Un lavoratore è stato licenziato con lettera del 7 luglio, per superamento del periodo di comporto. Il lavoratore ha impugnato il licenziamento sostenendo che il periodo di comporto non era maturato perché i suoi giorni di assenza per malattia non avevano superato il limite temporale previsto dal contratto collettivo. Il licenziamento è stato dichiarato legittimo dal tribunale e dalla corte d'appello ma con efficacia dal 27 luglio successivo perché, secondoquei giudici, il licenziamento intimato prima della scadenza del periodo di comporto non è nullo e neppure ingiustificato ma temporaneamente inefficace sino al venir meno della situazione ostativa.

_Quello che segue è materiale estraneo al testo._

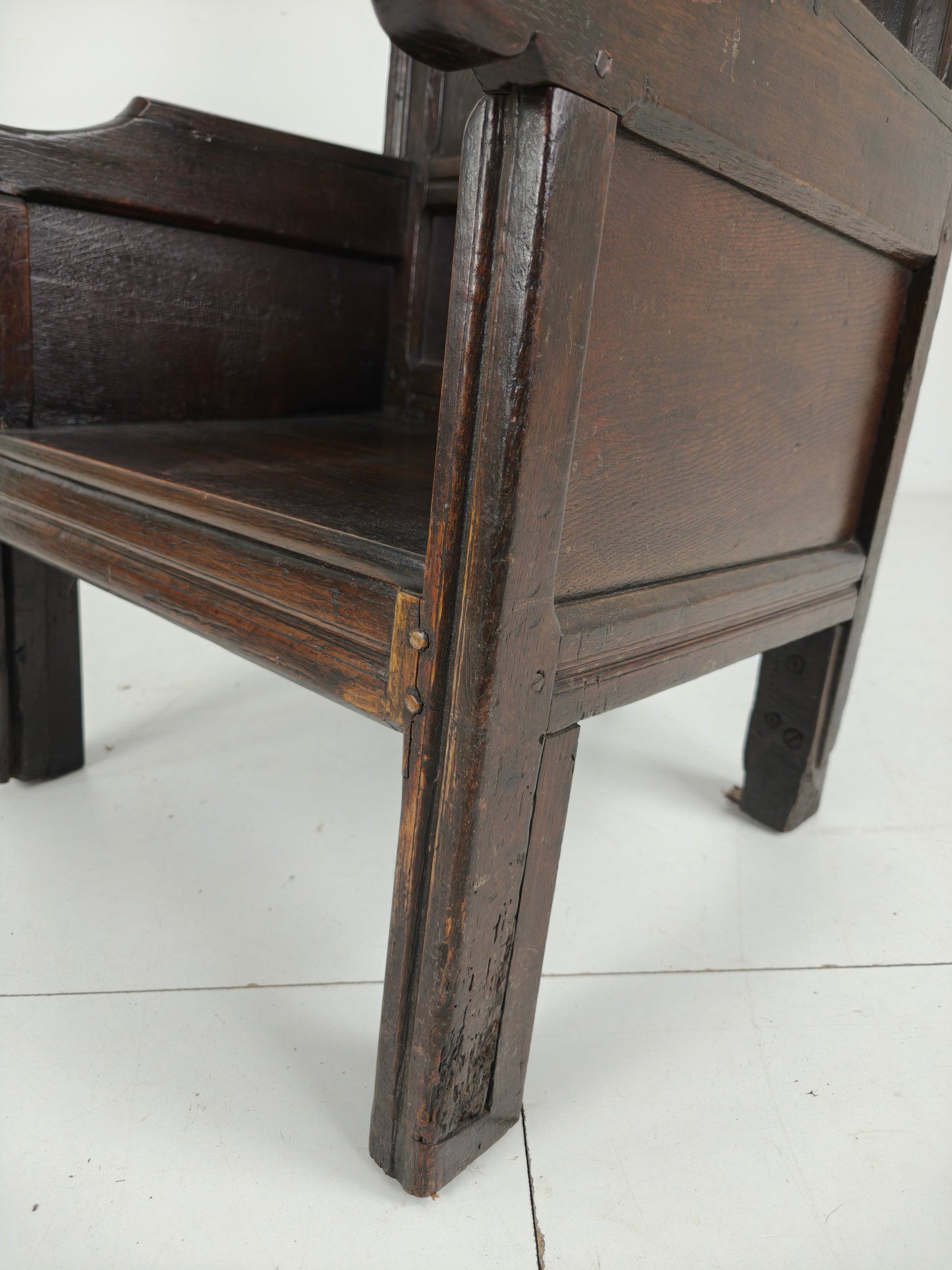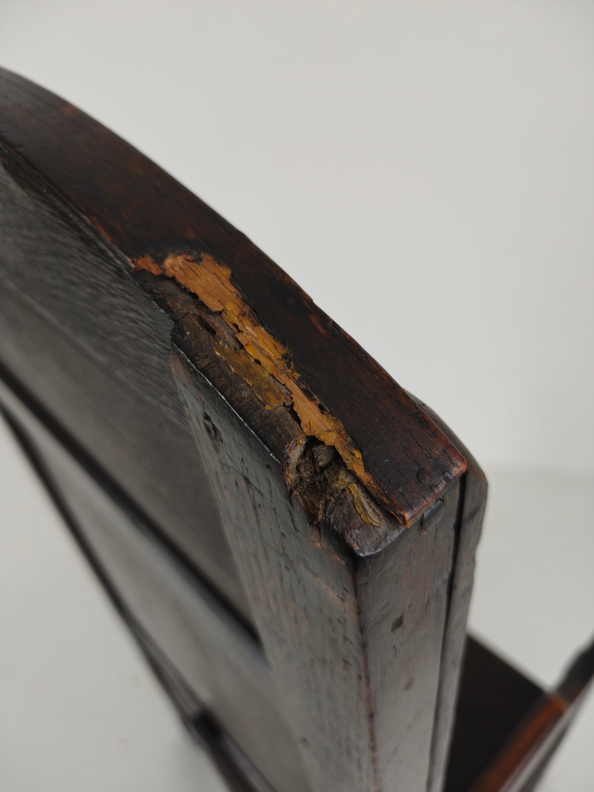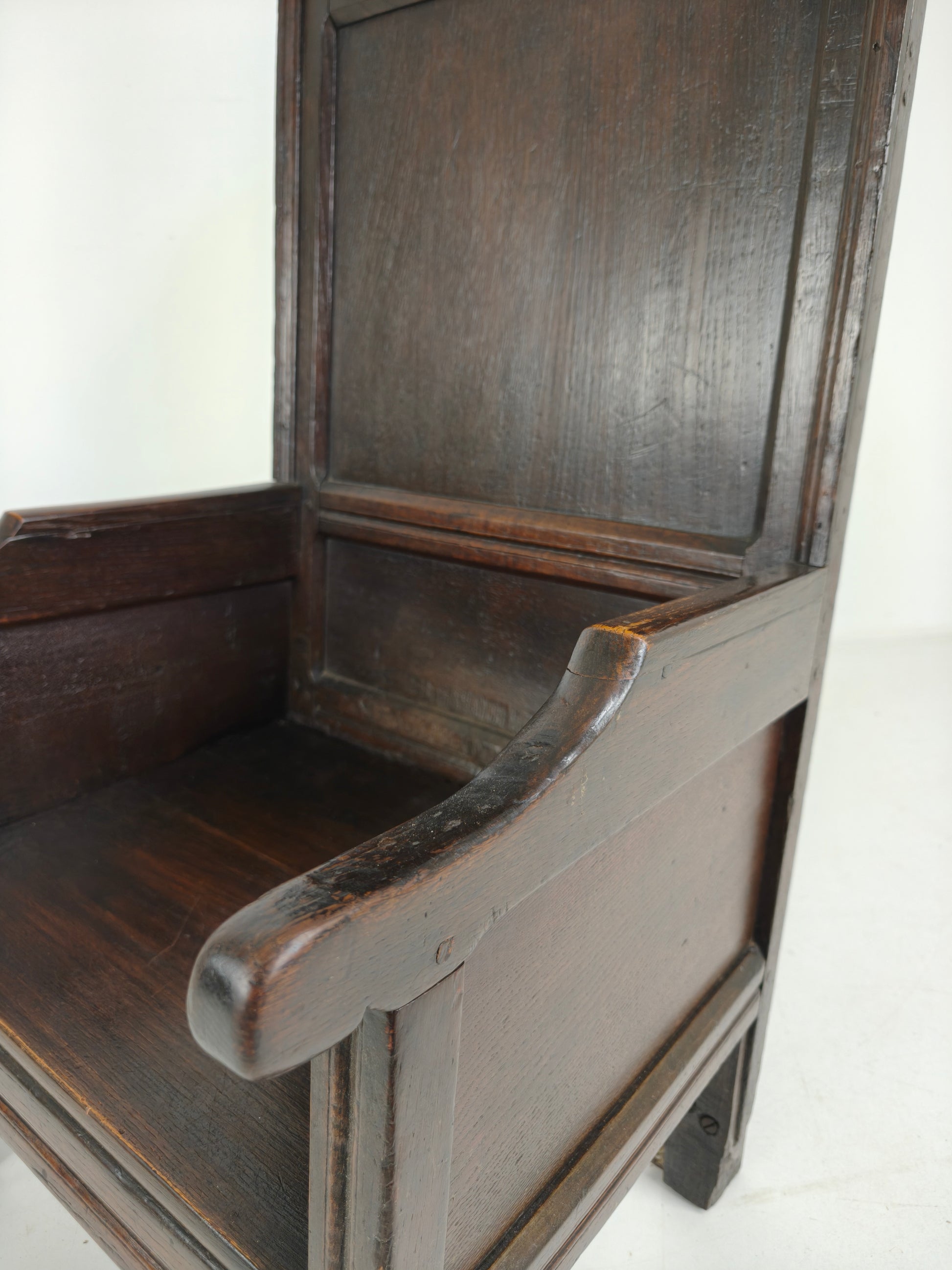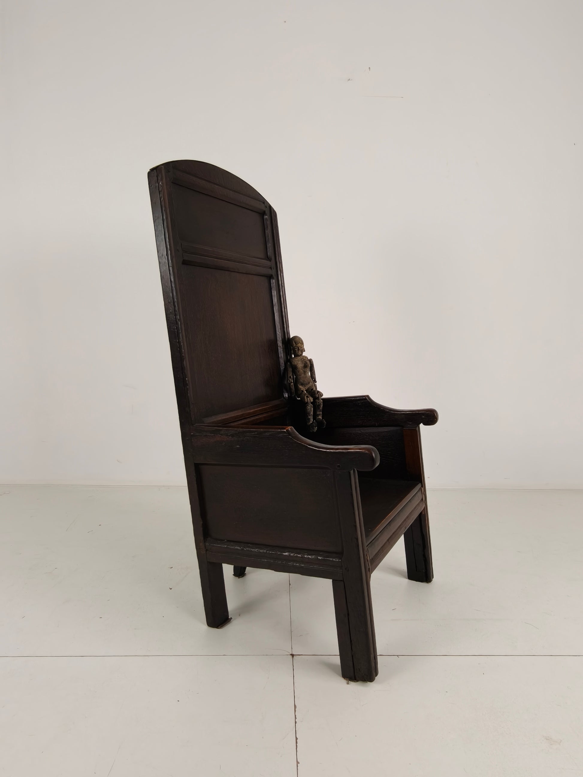 A characterful and well-preserved 18th-century wooden fireplace chair (hearth chair), made in England. This tall, high-back armchair features an uncommon five-leg design for extra stability, making it ideal for use near the hearth. Crafted from solid wood, the chair has developed a rich patina over the centuries, enhancing its authentic appearance.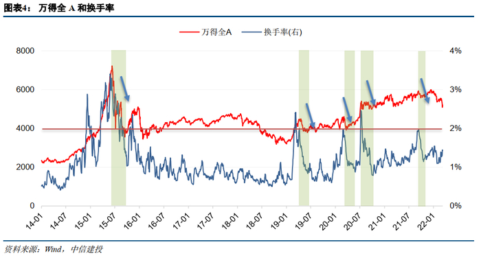 我们使用了万得全A指数的换手率,即成交量除以总流通股数,它体现了A股市场总体的流动性,并与市场情绪有关。长期的低换手率往往成为市场的底部区域,而过高的换手率往往预示着危机,它部分反映了投机和炒作氛围严重,意味着市场在投资者情绪高涨的背景下出现了明显的泡沫。图中换手率的高点(2%左右)后股市都有回调,2015年5月份超3%换手率,2个月内即发生股灾;2019年3月初换手率达2.3%,4月底到5月指数由4500点回调至3900点左右。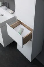 Тумба с раковиной Aquanet Бруклин 60 белого цвета предназначена для подвесной установки Изделие отвечает тенденциям минимализма Аскетизм четких линий и обтекаемых форм в ней доведен до совершенства В модели нет никаких выделяющихся деталей, и даже ручки интегрированные, когда открывание происходит за счет выступающей детали верхней или нижней части фасада, которая срезана под углом, в результате чего образуется выемка, служащая ручкой В тумбе ручка устроена таким образом у верхнего ящика в нижней части фасада, а у нижнего – в верхней Такое простое решение добавляет изысканности внешнему виду изделия Раковина из керамики с тонкими изящными бортиками идет размер в размер с тумбой, ширина которой 60 см, в результате чего все изделие выглядит как единое целое Корпус изделия выполнен из выкрашенного белой краской влагостойкого ЛДСП, фасады – из МДФ На контрасте с белизной внешних деталей стильно смотрится корпус выдвижных ящиков, выполненный в цвете «дуб сонома» Нижний ящик тумбы имеет большую зону хранения, верхний разделен на несколько отделений, которые помогут грамотно разложить все необходимое по своим местам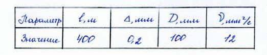 Определить эквивалентную шероховатость трубопровода, если известно число Рейнольдса, коэффициент Дарси, внутренний диаметр трубы. Данные представлены в таблице.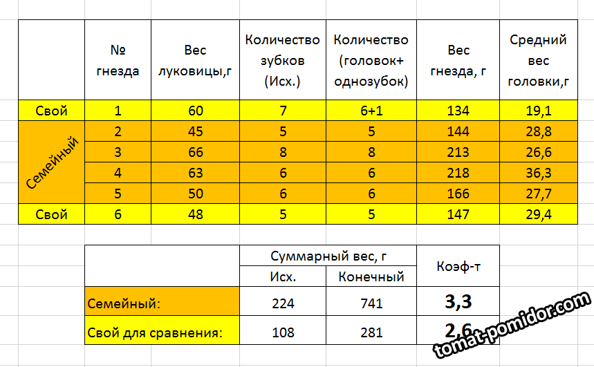 Коэффициент увеличения веса чеснока у семейного чеснока – 3,3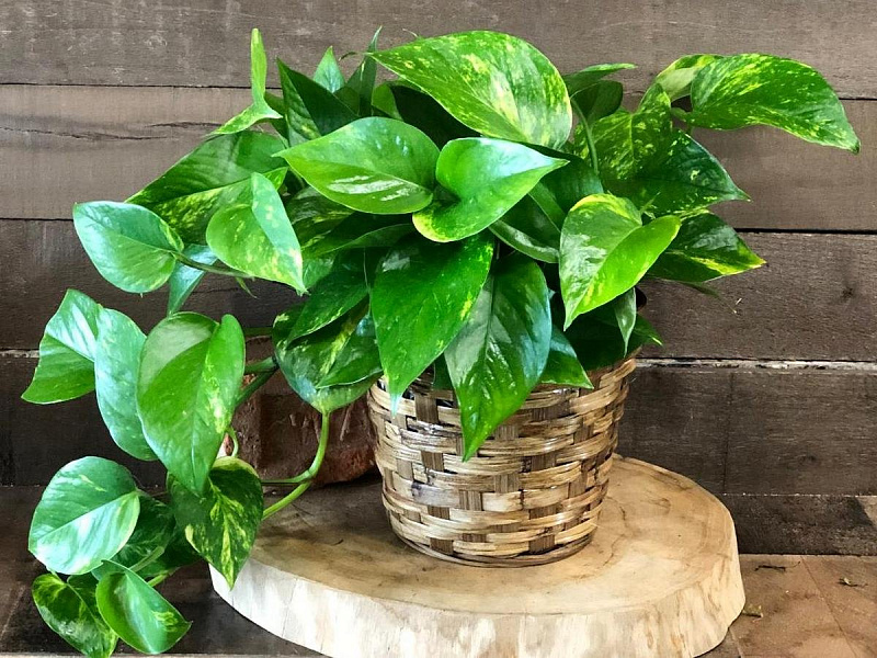 Эпипремнум (Сциндапсус) подвесной — великолепное ампельное растение с пышной зеленью, идеально украсит любое помещение. Нетребователен в уходе, отлично очищает воздух. Предпочитает полутень и умеренный полив.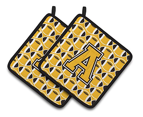 Caroline's Treasures Letter a football black, Old Gold & White Pair of Pot Holders CJ1080-APTHD, 7.5HX7.5W, Multicolor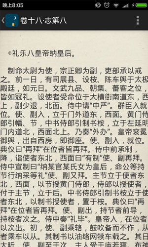 历史助手之二十四史app应用特色: 1.囊括了26部上述史书,力图用简洁的方式准确的反映出史书的原貌。 2.在排版上,尽量按照朝代来排序;每部史书,尽量按照卷来分断。 3.每卷,尽量按照段落来分隔。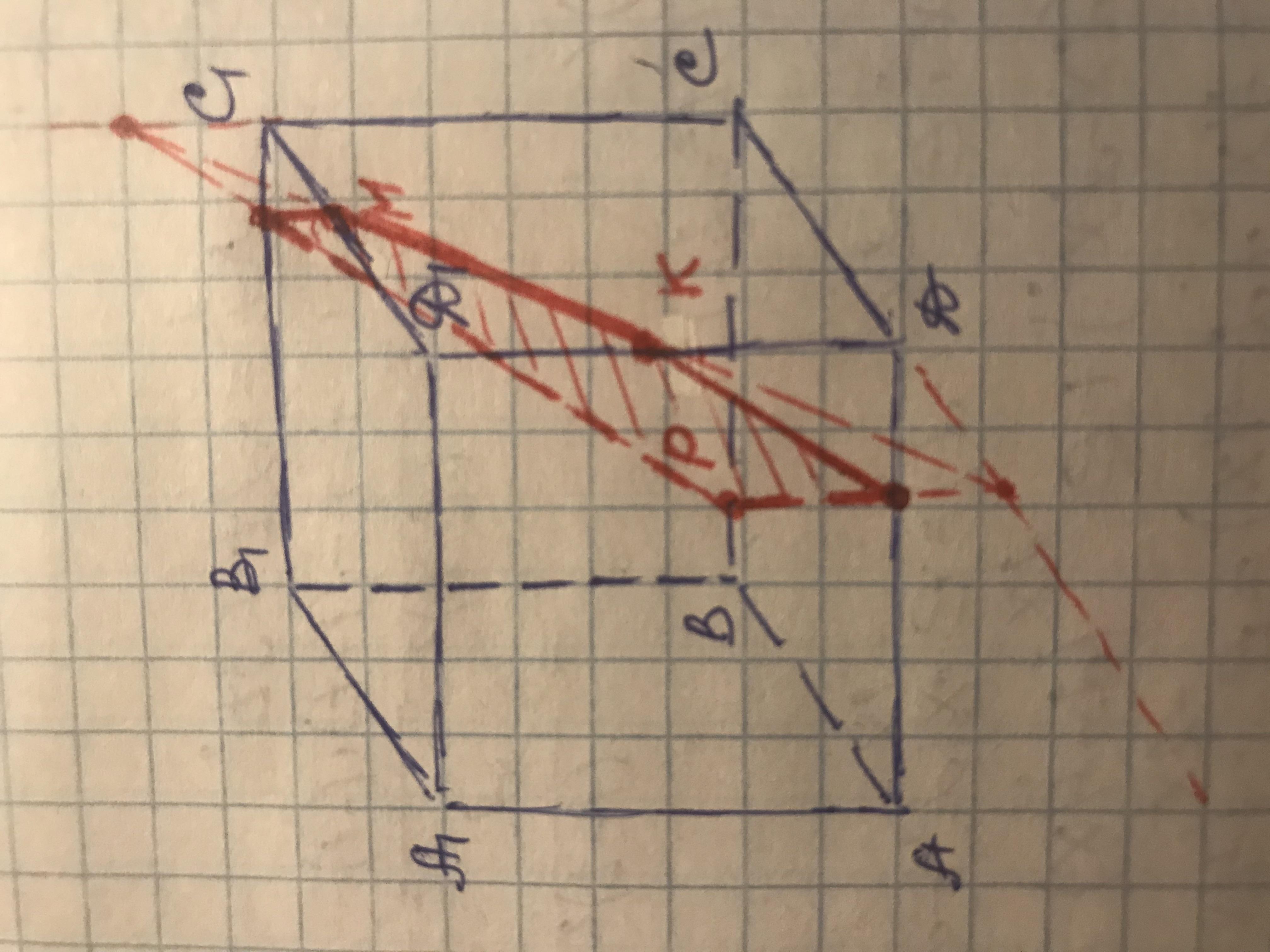 проходит через точки М, Р и К, которые принадлежат соответственно ребрам С1D1, ВС и DD1

Il problema giuridico che si è posto dinanzi alla Cassazione è quello di valutare se il licenziamento per superamento del periodo di comporto, intimato prima che maturi definitivamente il termine debba essere considerato nullo o semplicemente inefficace. Nel caso in cui fosse nullo il lavoratore avrebbe diritto alla reintegrazione nel posto di lavoro e al risarcimento dei danni; nel caso in cui, invece, fosse ritenuto semplicemente inefficace, quel licenziamento diventerebbe esecutivo solo al maturare dell'effettivo superamento del periodo di garanzia della conservazione del posto di lavoro. In quest'ultimo caso il lavoratore avrebbe diritto solo ad avere il trattamento economico medio tempore.
La cassazione ha avuto diversi orientamenti propendendo per l'una o per l'altra tesi, secondo la composizione del collegio chiamato ad esaminare la questione. Adesso, prendendo atto degli opposti indirizzi che si sono formati, sono state coinvolte le Sezioni Unite perché si pronuncino e risolvano il contrasto. Ordinanza 13 luglio 2017.

 

 

Le dimissioni per giusta causa.
Il lavoratore può presentare le dimissioni immediate, per giusta causa, senza concedere al datore di lavoro il preavviso previsto dalla legge e dal contratto collettivo.Le dimissioni per giusta causa si presentano se il datore di lavoro si renda inadempiente ai suoi obblighi contrattuali; l'inadempimento è configurabile, innanzitutto, nella mancata corresponsione della retribuzione o dei vari istituti di natura economica previsti dal contratto di lavoro. Si possono presentare le dimissioni per giusta causa anche in presenza di mobbing o di inosservanza delle misure di sicurezza e antinfortunistiche. L'inadempimento del datore di lavoro deve essere di un certo valore. Il mancato versamento dei contributi previdenziali non è stato ritenuto motivo per la presentazione delle dimissioni per giusta causa perché il datore di lavoro è obbligato a questi pagamenti nei confronti di un soggetto terzo e non direttamente nei confronti del lavoratore anche se ne è il beneficiario. La lettera di dimissione deve indicare in maniera specifica il motivo della presentazione delle dimissioni. Se le dimissioni sono state correttamente presentate, il lavoratore ha diritto ad avere il pagamento dell'indennità sostitutiva del preavviso; in caso contrario questo diritto spetta al datore di lavoro, che potrà trattenere direttamente a l'importo dalla busta paga.

Dimissioni e maternità

La risoluzione consensuale del rapporto o la richiesta di dimissioni presentate dalla lavoratrice, durante il periodo di gravidanza, e dalla lavoratrice o dal lavoratore durante i primi tre anni di vita del bambino o nei primi tre anni di accoglienza del minore adottato o in affidamento, o, in caso di adozione internazionale, nei primi tre anni, devono essere convalidate dal servizio ispettivo del Ministero del lavoro e delle politiche sociali competente per territorio. A detta convalida e' sospensivamente condizionata l'efficacia della risoluzione del rapporto di lavoro.